My father and my uncle were silent for a while. A ponderous gloom descended over the meeting of the Judenrat.
“We must stop moaning and groaning about this ghetto concept,” Dr. Kohn continued. “At least it is something we understand, something we have lived with for centuries. We will be allowed our schools, our hospitals, our communal associations. The SS commandant himself has promised me. You see, gentlemen, they
need
us—skilled labor, trade, the Polish economy.”
Again silence.
Then my father asked, “For how long will they need us?”
“I beg your pardon, Dr. Weiss?”
“Dr. Kohn, I ask how long will they need us? How long will several million poor Jews mean anything to them? In the long run we may prove a burden. Then …”
Dr. Kohn shook his head. “We have no choice but to cooperate in every way possible. Provide work details. Clean up the city. Keep the factories running.”
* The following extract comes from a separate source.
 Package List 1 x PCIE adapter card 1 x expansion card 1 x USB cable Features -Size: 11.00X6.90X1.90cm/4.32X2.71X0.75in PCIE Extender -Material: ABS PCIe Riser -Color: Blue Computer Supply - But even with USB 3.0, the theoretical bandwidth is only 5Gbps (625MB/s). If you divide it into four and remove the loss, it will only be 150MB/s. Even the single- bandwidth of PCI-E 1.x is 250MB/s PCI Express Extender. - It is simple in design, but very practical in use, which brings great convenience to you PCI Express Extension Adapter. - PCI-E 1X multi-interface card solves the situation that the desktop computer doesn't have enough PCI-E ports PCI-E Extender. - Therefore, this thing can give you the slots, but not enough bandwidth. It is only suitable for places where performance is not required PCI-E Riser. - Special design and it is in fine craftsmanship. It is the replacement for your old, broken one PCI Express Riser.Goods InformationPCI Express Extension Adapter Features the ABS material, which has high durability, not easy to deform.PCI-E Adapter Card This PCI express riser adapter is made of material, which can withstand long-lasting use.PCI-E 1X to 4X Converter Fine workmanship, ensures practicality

Moses interrupted. “I hear these work details are not quite what they sound like. Men are beaten to death, shot, for mild infractions.”
Zalman nodded. “It’s true. I’ve been on some of them. We aren’t treated like workmen, but like slaves.”
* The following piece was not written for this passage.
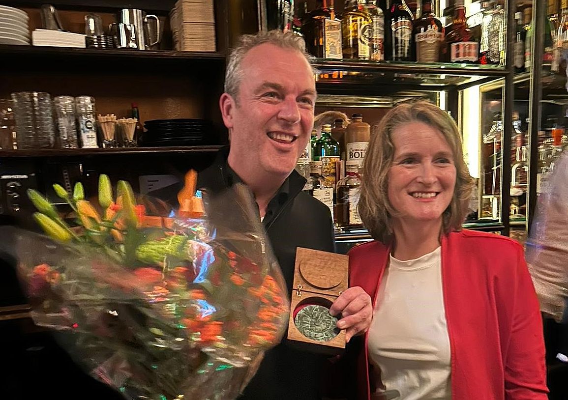 Eigenaar Arnold Ensing nam zondag de Erepenning van de gemeente Groningen in ontvangst. Wethouder Economische Zaken Carine Bloemhoff reikte de erkenning uit ter gelegenheid van het 100-jarig bestaan van het café.

“But we have absolutely no choice but to obey orders,”
Dr. Kohn said solemnly. “We cannot resist. We must not resist. There will be no smuggling, no black-market operations, no attempts at sabotage. We can only pray for things to get better.”
Eva Lubin, who was at the meeting, remembers my Uncle Moses whispering to my father, “From his mouth and to God’s ears.”
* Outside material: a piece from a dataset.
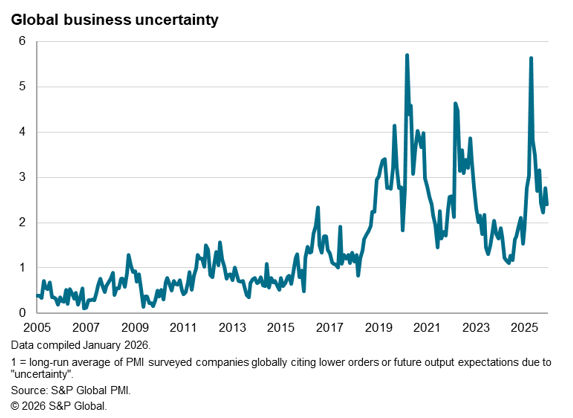 2025 may be characterised as the year when widespread US tariffs induced heightened uncertainty for global businesses. The degree of business uncertainty, as measured by the PMI comment tracker, at one point surged to match that seen at the peak of the COVID-19 pandemic. However, economic growth, as measured by the PMI’s gauge of current output as well as official GDP data, has largely proven surprisingly resilient despite this uncertainty.

In October, three months after Anna was sent to the mental hospital at Hadamar, my mother received a form letter from the hospital. It was brief, and it was signed by a “Director of Services.”
A strange letter. It was headed “Charitable Foundation for Mental Care, Hadamar, Germany.”
It stated that Anna Weiss, aged eighteen, had died of “pneumonia and complications.” No date was given. They had taken the liberty of cremating her body to prevent the spread of infection. At some later date, Mrs. Weiss would be informed of the location of her daughter’s grave.
Mama became hysterical. She wept for days. She was inconsolable. Anna had been the family baby, the brightest of us, the child with the greatest love of life. It was inconceivable to my mother that she could die this way—with no loved one near her, with her mind shattered, her hopes destroyed. She had been able to bear Karl’s imprisonment—after all, he was alive. Even my vanishing had been understandable. But Anna’s death was like a knife wound in her side that would never stop bleeding.
“It is my fault,” she wept to Inga. “I asked that she be sent away.”
“No, Mama,” Inga said. “We felt it best for her … she could not live a normal life.”
The women blamed themselves. From the Helms family, next door, there were clucks of sympathy, but no more. Inga heard them muttering that Anna had brought it on herself—running into the streets on New Year’s Eve.